BEGIN INFORMATION SHOWN

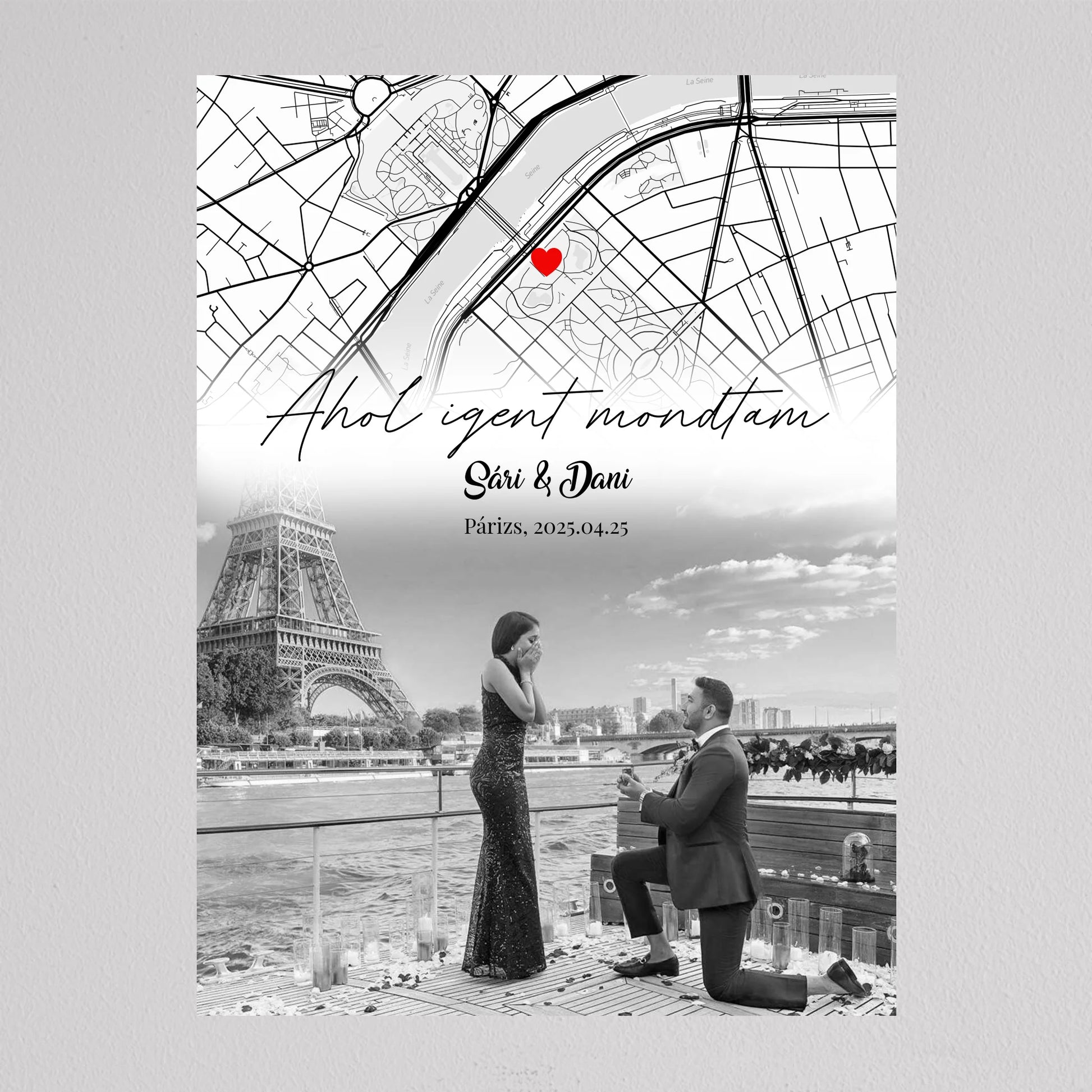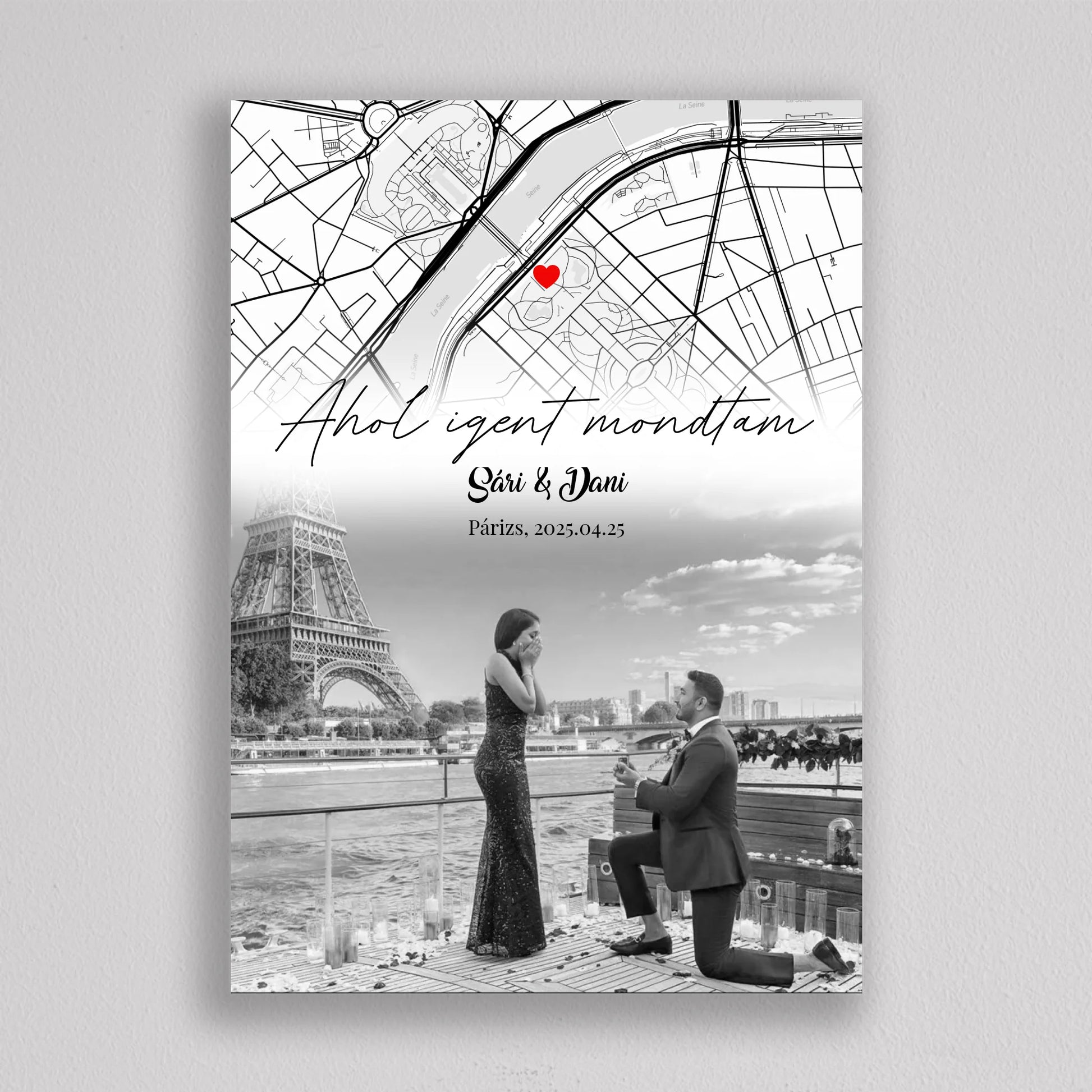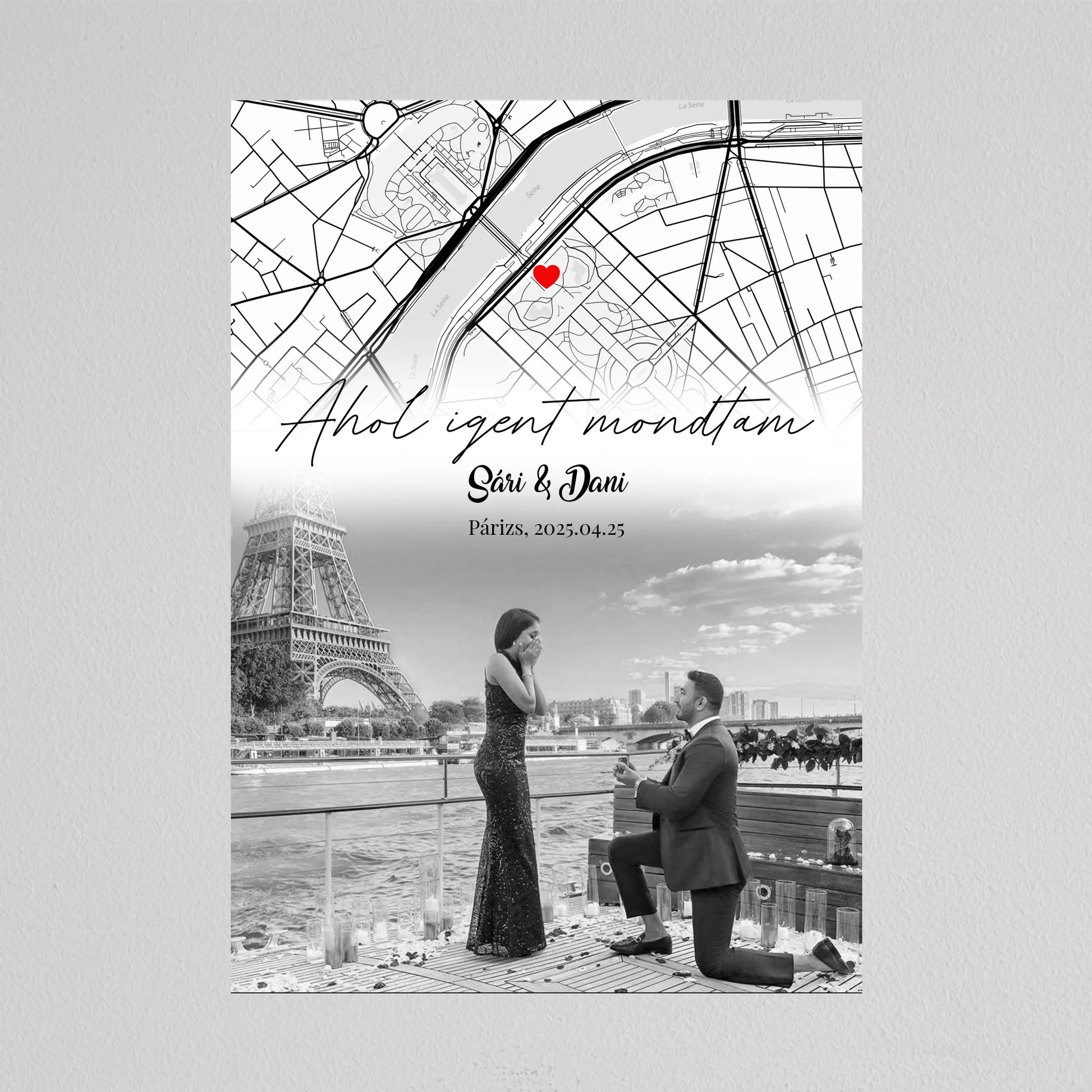 Örökítsd meg azt a pillanatot, amikor kimondtad az igent – stílusosan és maradandó módon! Ez az egyedi eljegyzési emlékkollázs a Ti történetetekről szól: a helyszín térképen, a dátum, a nevek és a megható fotó egy kompozícióban kelnek életre. A letisztult design elegáns, ugyanakkor mélyen személyes – tökéletes ajándék lehet évfordulóra, karácsonyra vagy esküvői dekorációként is. A térkép stílusa és színei teljes mértékben személyre szabhatók, hogy harmonizáljon az otthonod vagy az esemény hangulatával. Egy olyan dekoráció, ami nem csupán szép, de jelentéssel is bír – újra és újra feleleveníti a közös jövőtök kezdetét.
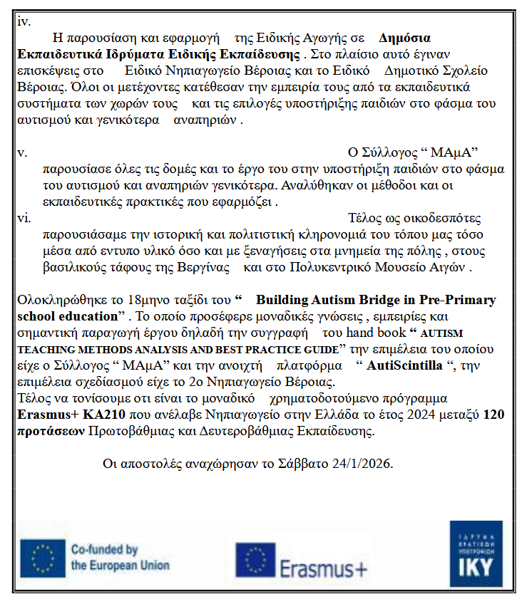 Βέροια Με ιδιαίτερη επιτυχία η εκδήλωση του 2ου Νηπιαγωγείου Βέροιας – Μελέτειου, (Erasmus + “AutismBridge”)
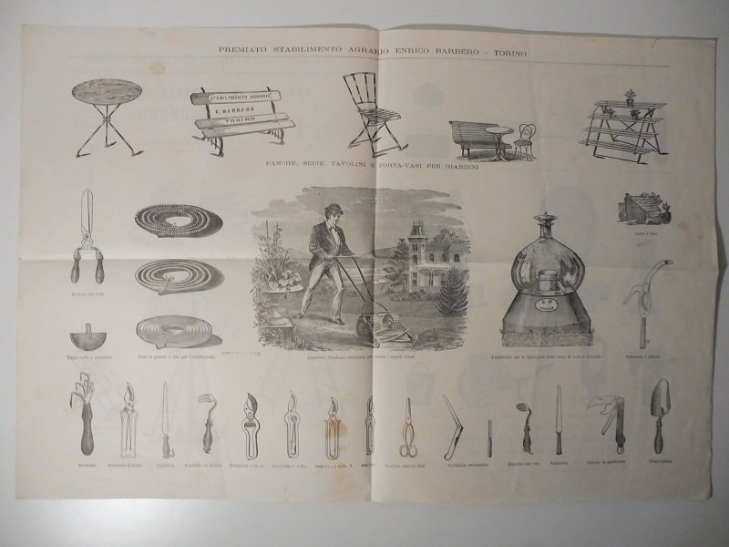 Pieghevole di 4 facciate (ciascuna misura cm 24 x 32), piega nel mezzo, lievi aloni. Illustrazioni raffiguranti varie tipologie di attrezzi per orti e giardini venduti da questa ditta torinese. Pieghevole non datato ma risalente al 1890 circa.

END INFORMATION SHOWN

▶ WHAT YOU HAVE TO DO: Copy exactly the lines that run from the line containing "Βέροια Με ιδιαίτερη" to the end of the data, keeping both end lines and dropping every picture.

▶ RESPONSE BELOW:
 Βέροια Με ιδιαίτερη επιτυχία η εκδήλωση του 2ου Νηπιαγωγείου Βέροιας – Μελέτειου, (Erasmus + “AutismBridge”)
 Pieghevole di 4 facciate (ciascuna misura cm 24 x 32), piega nel mezzo, lievi aloni. Illustrazioni raffiguranti varie tipologie di attrezzi per orti e giardini venduti da questa ditta torinese. Pieghevole non datato ma risalente al 1890 circa.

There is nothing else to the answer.